Rich Square N.C. May 16th 1867.
My dear Sir: I write to ask you to favor me with a few lines. giving you opinion as to the work of my Wife (col) and two oldest sons (col), who worked for Thos Bolden (white) of this place year before last, after we were all declared free. Bolden promised to give my wife and one of my sons their last years provisions as pay for their work the year before, and whatever was right for the other son he promised to pay me in cash.
He kept them on until 29th of Sep. after they had made a crop for him and then drove them away without a cause, and has refused to make a settlement of any kind with me.
There was but one other hand on his place regularly that year but my wife & sons. and they worked hard and made a good crop for him and have never received even a stitch of clothes for their work.
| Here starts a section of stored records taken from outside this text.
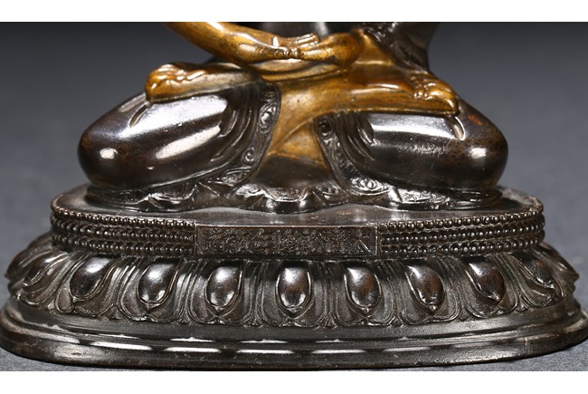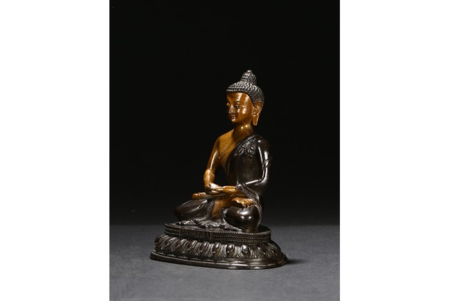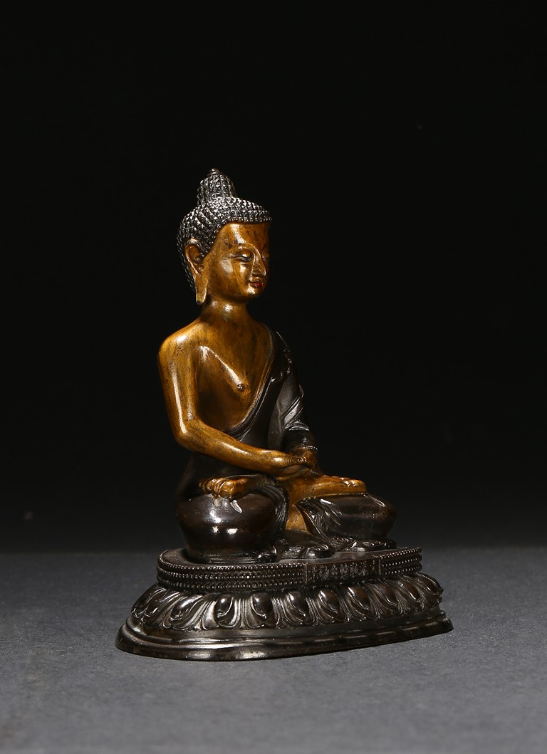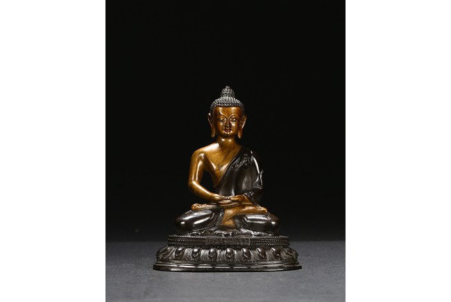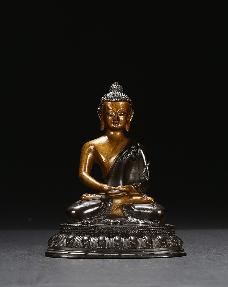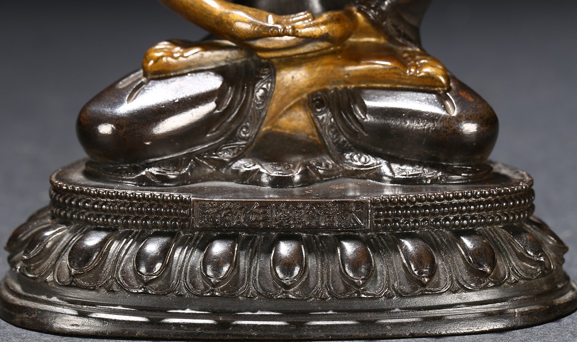 Shown seated in dhyanasana on double lotus throne and with both hands held in mutra, wearing dhoti with elegant folds, face with serene expression, front stand cast with six characte Qianlong mark. Qing Dynasty period.
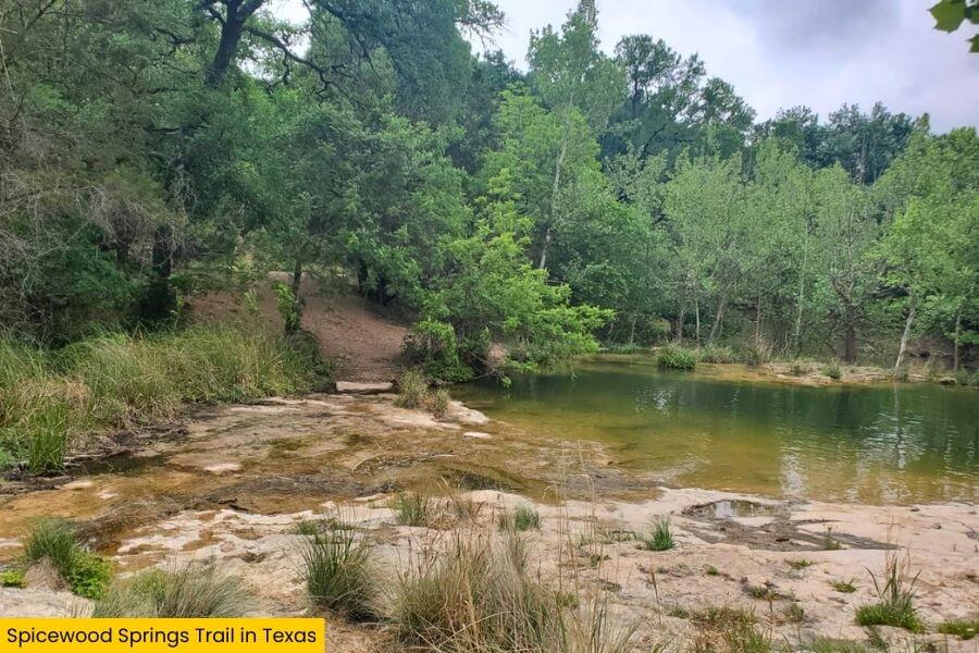 The hike starts at the Spicewood Springs Trailhead inside the park, with parking along the main park road.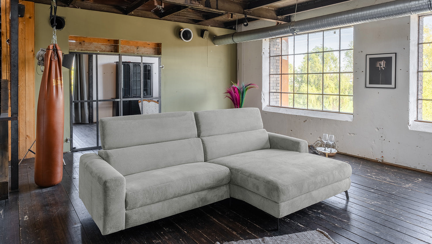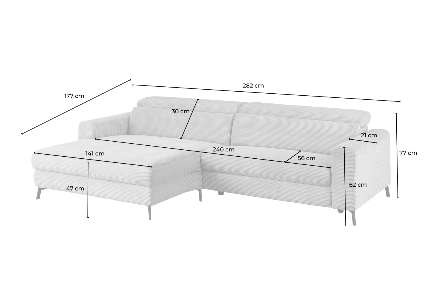 El sofá esquinero LAISKA de KAWOLA combina un diseño moderno con la máxima comodidad. El revestimiento integral de tejido de pana de alta calidad hace que el sofá no sólo atraiga las miradas, sino que también esté increíblemente de moda. La pana está de moda: gracias a su tacto aterciopelado y a su llamativa textura, aporta comodidad y elegancia a cualquier espacio. Con sus 282 cm de ancho, LAISKA ofrece mucho espacio para relajarse. La suave tapicería garantiza el máximo confort, mientras que los reposacabezas ajustables manualmente se pueden personalizar, para un apoyo perfecto en cualquier posición. Gracias a su diseño atemporal y a su acabado de alta calidad, el sofá se integra a la perfección en una gran variedad de estilos de interior. LAISKA es la elección ideal para cualquiera que valore el estilo, la comodidad y la funcionalidad. Experimente un nuevo nivel de confort.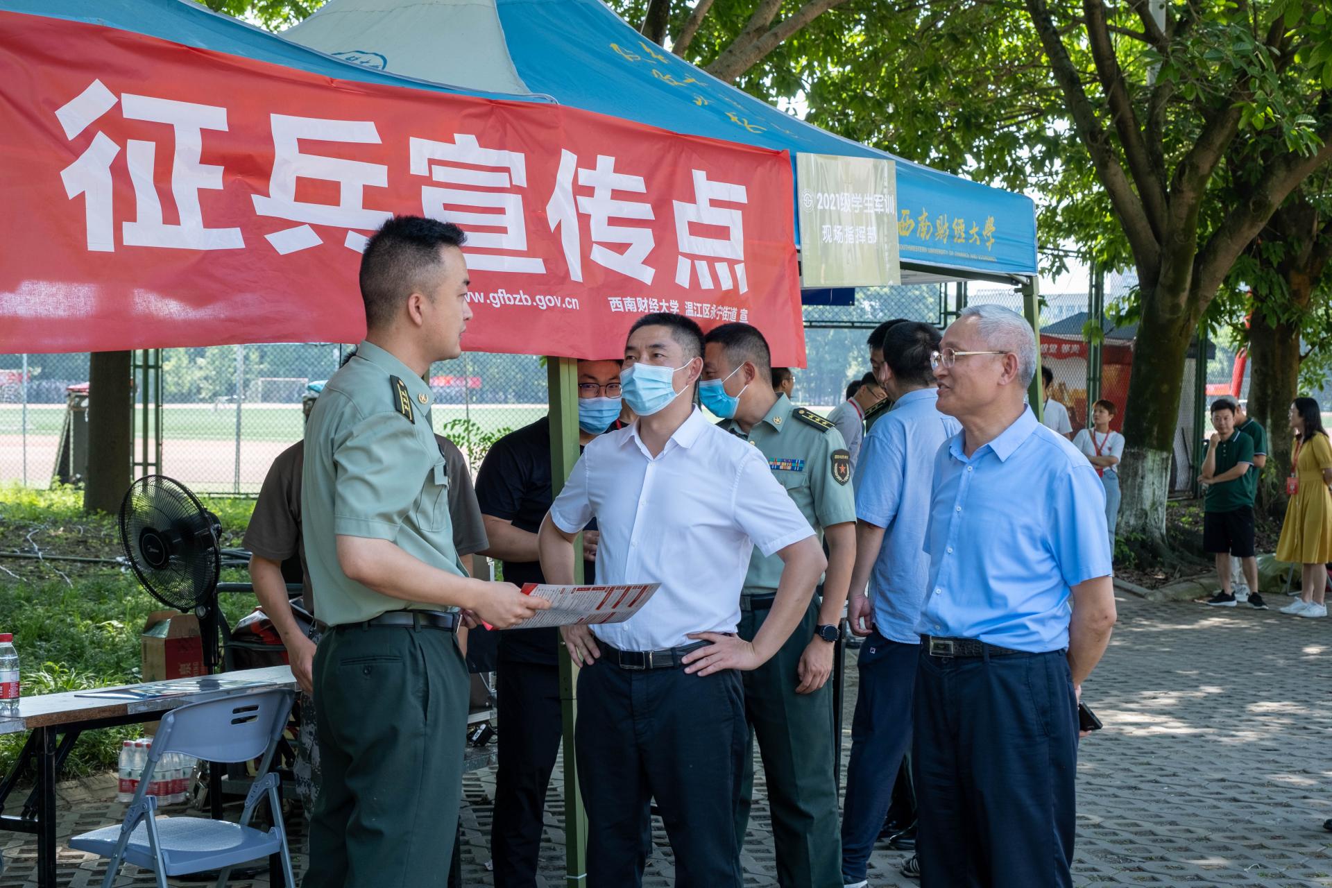 2021級本科學生軍訓工作已經開始,連日來,軍訓工作有序進行。7月7日上午,四川省教育廳體衛藝處處長唐克紅、四川省軍區戰備建設局處長汪濱一行來到我校,對2021級本科學生軍訓工作進行檢查指導。成都市警備區、溫江武裝部相關負責同志、我校黨委副書記曾道榮陪同檢查。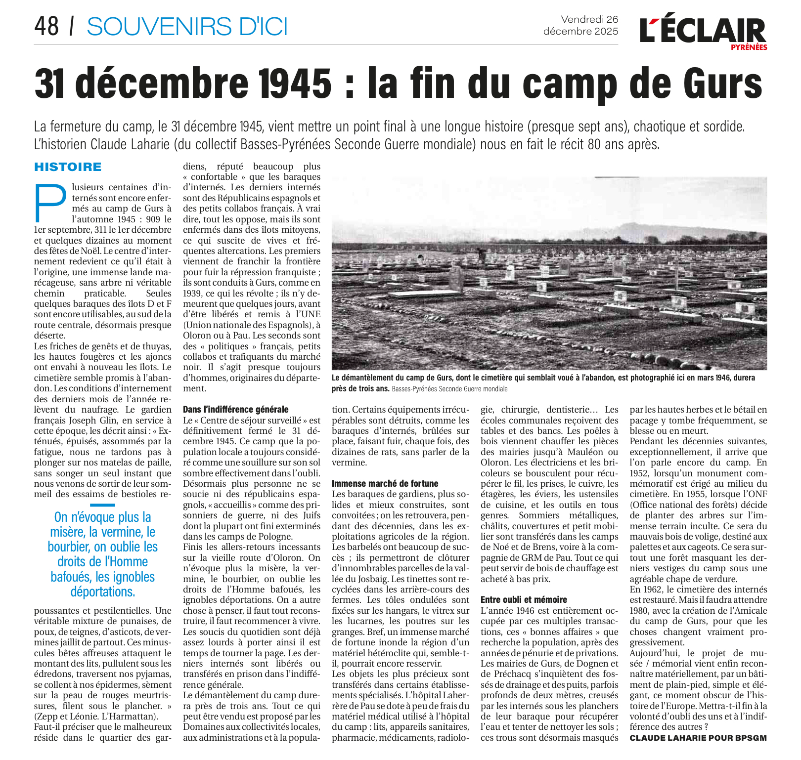 Article La République des Pyrénées - Gurs - Monsieur Vallés - Simin Palay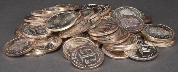 A GROUP OF 50 ONE OUNCE SILVER ROUNDS. Mixed designs after U.S. coins including Peace dollar, Morgan dollar, and Buffalo nickel. 50 Troy oz. total.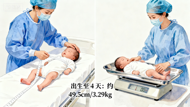 出生至 4 天:新生儿平均身长约 49.5 厘米(19.5 英寸),平均体重约 3.29 公斤(7.25 磅)。刚出生后几天,宝宝可能因 “生理性体重下降” 轻一点,家长不用慌。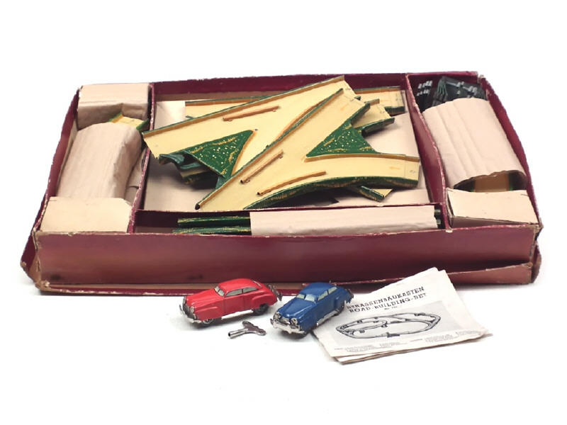 contient : différentes pistes, 2 voitures & éléments permettant la construction de circuits routiers - manque une voiture, quelques éléments & accessoires - avec notice - boîte en grande partie décolorée & tachée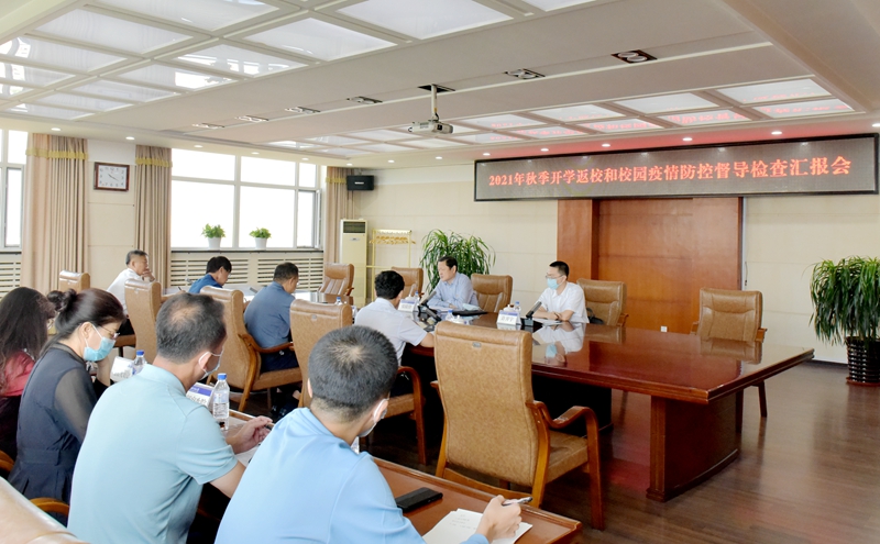 9月1日,省委教育工委专职副书记张殿锋、统战部长许开宇一行来我校督导检查2021年秋季开学返校和校园疫情防控工作。学校在第一教学楼八楼会议室举行汇报会。校长杨小天,党委副书记刘万民,党委常委、副校长张作岭,副校长赵经武以及学校疫情防控专项工作组负责人参加会议。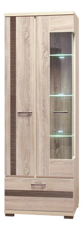 Moderní obývací sestava přichází ve dvou atraktivních barevných provedeních. Kombinuje dva barevné odstíny dřeva dub sonoma a to světlé - truflový a tmavé. Kromě hotových sestav si pomocí jednotlivých segmentů můžete vyskládat obývací pokoj podle Vašich potřeb a představ. Elegantní kontrastní pruhy doplňují idesignové úchyty dvířek. Prosklené části vitrín jsou podsvíceny LED osvětlením. To zvýrazní předměty umístěné v nich.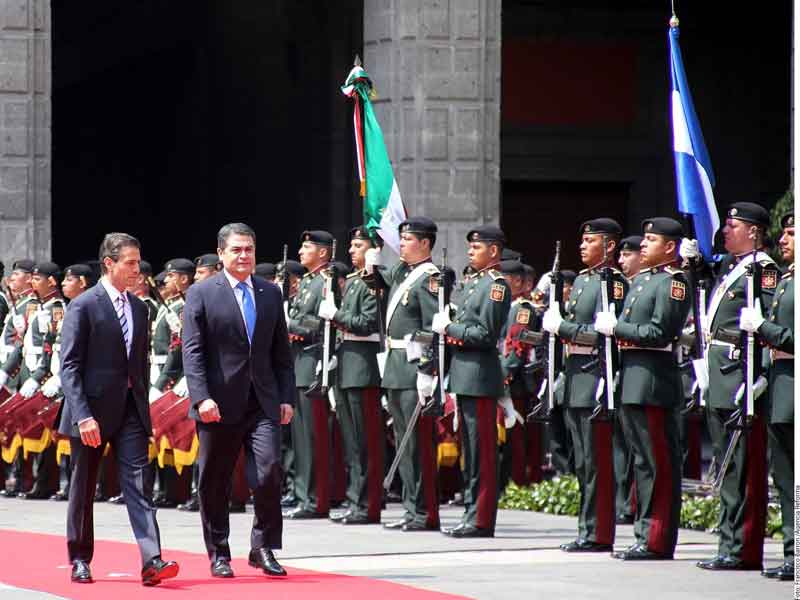 Una hora después de lo programado, el Presidente Enrique Peña Nieto recibió en Palacio Nacional a su homólogo de Honduras, Juan Orlando Hernández.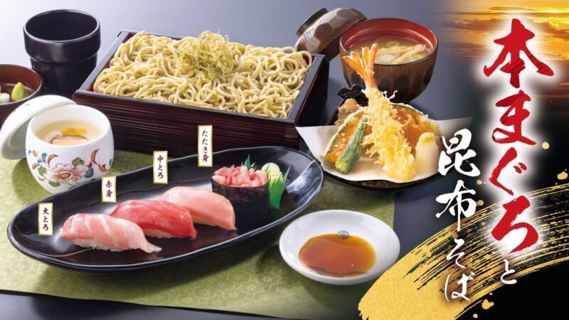 「北海道生まれ和食処とんでん」の北海道店舗で、本まぐろと季節の変わりそば「昆布そば」を組み合わせたメニューを、2025年12月26日(金)から販売開始しました。今年は、本まぐろとバチまぐろの刺身が一緒に楽しめる「まぐろのお楽しみ膳」が新登場します。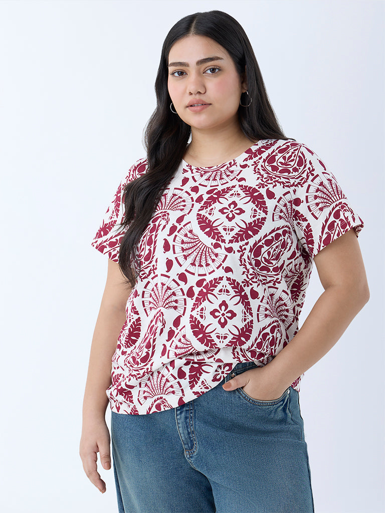 This maroon t-shirt from Gia makes an instant impression with its bold mix of prints. Created from a premium cotton-rich fabric. it features a round neck and half sleeves for a laid-back fit.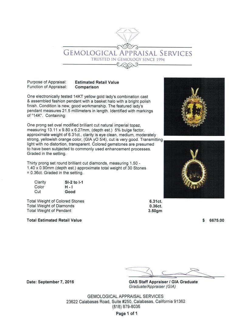 One electronically tested 14KT yellow gold lady's combination cast & assembled fashion pendant with a basket halo with a bright polish finish. The featured lady's pendant measures 21.5 millimeters in length. Identified with markings of '14K'. Condition is new, good workmanship. Containing: One prong set oval modified brilliant cut natural imperial topaz, measuring 13.11 x 9.80 x 6.27mm, (depth est.) 5%. bulge factor, approximate weight of 6.31ct., clarity is eye clean, medium, moderately strong, yellowish orange color, (GIA yO 5/4), cut is very good. Transmitting light with no distortion, transparent. Colored gemstones are presumed to have been subjected to commonly used enhancement processes. Graded in the setting. Thirty prong set round brilliant cut diamonds, measuring 1.50 - 1.40 x 0.90mm (depth est.) approximate total weight of 30 Stones = 0.36ct. Graded in the setting. Clarity SI-2 to I-1. Color: H - I Cut Good. Total Weight of Colored Stones 6.31ct.. Total Weight of Diamonds 0.36ct.. Total Weight of Pendant 3.50gm GAS Appraised at $6,675.00.

What he pretended to get mad about when he drove them away, was this. I went hunting one night and catched a coon. and gave it to my boy to take to his mother. She cooked it and sent some of it into Boldens little children, and beause she did not send it all in, Bolden got mad and drove them away.
My sons were 16 & 14 years old at that time.
Now if you will be so kind as to let me know if there is not some way to get pay for their work, it will greatly oblige Your humble Servt
Wilson Maggett (Col.)
Direct Rich Square Northampton Co N.C.
Wilson Maggett to Capt Foot, 16 May 1867, Letters Received, series 2666, Halifax NC Assistant Superintendent, Bureau of Refugees, Freedmen, & Abandoned Lands, Record Group 105, National Archives. The elements of the address at the end of the letter have been run together on a single line. By an endorsement of May 21, 1867, the assistant superintendent, Lieutenant John M. Foote, returned Maggett's letter to him with the information that “cases of this kind must now be settled by the civil authorities.” “You must warrant this man for the wages due,” he advised the freedman, “fix the amount at a fair price for the time. Lay your case before some Magistrate who will deal fairly & request him to report his action to me.” Maggett followed Lieutenant Foote's instructions, but to no avail. An unsigned notation dated September 28, 1867, indicates that he was again seeking assistance from the Freedmen's Bureau after having put the claim “in the hands of two constables neither of whom have taken any action.” He thought, however, that a justice of the peace named Smallwood “would have done him justice if the constables had ‘returned’ it.” By an endorsement of October 7, 1867, Lieutenant Foote–now stationed at Plymouth, North Carolina, as subassistant commissioner of Subdistrict No. 1–referred the case to the assistant subassistant commissioner at Murfreesboro (near Rich Square), with instructions to “take such action as will secure the payment of this claim if it is a just one,” and, if the civil authorities refused to act, to “adjudicate the claim himself.” Beneath that endorsement appears the following notation: “setled by civil authorities Nov 30th 1867.”
Published in Land and Labor, 1865, pp. 794–95.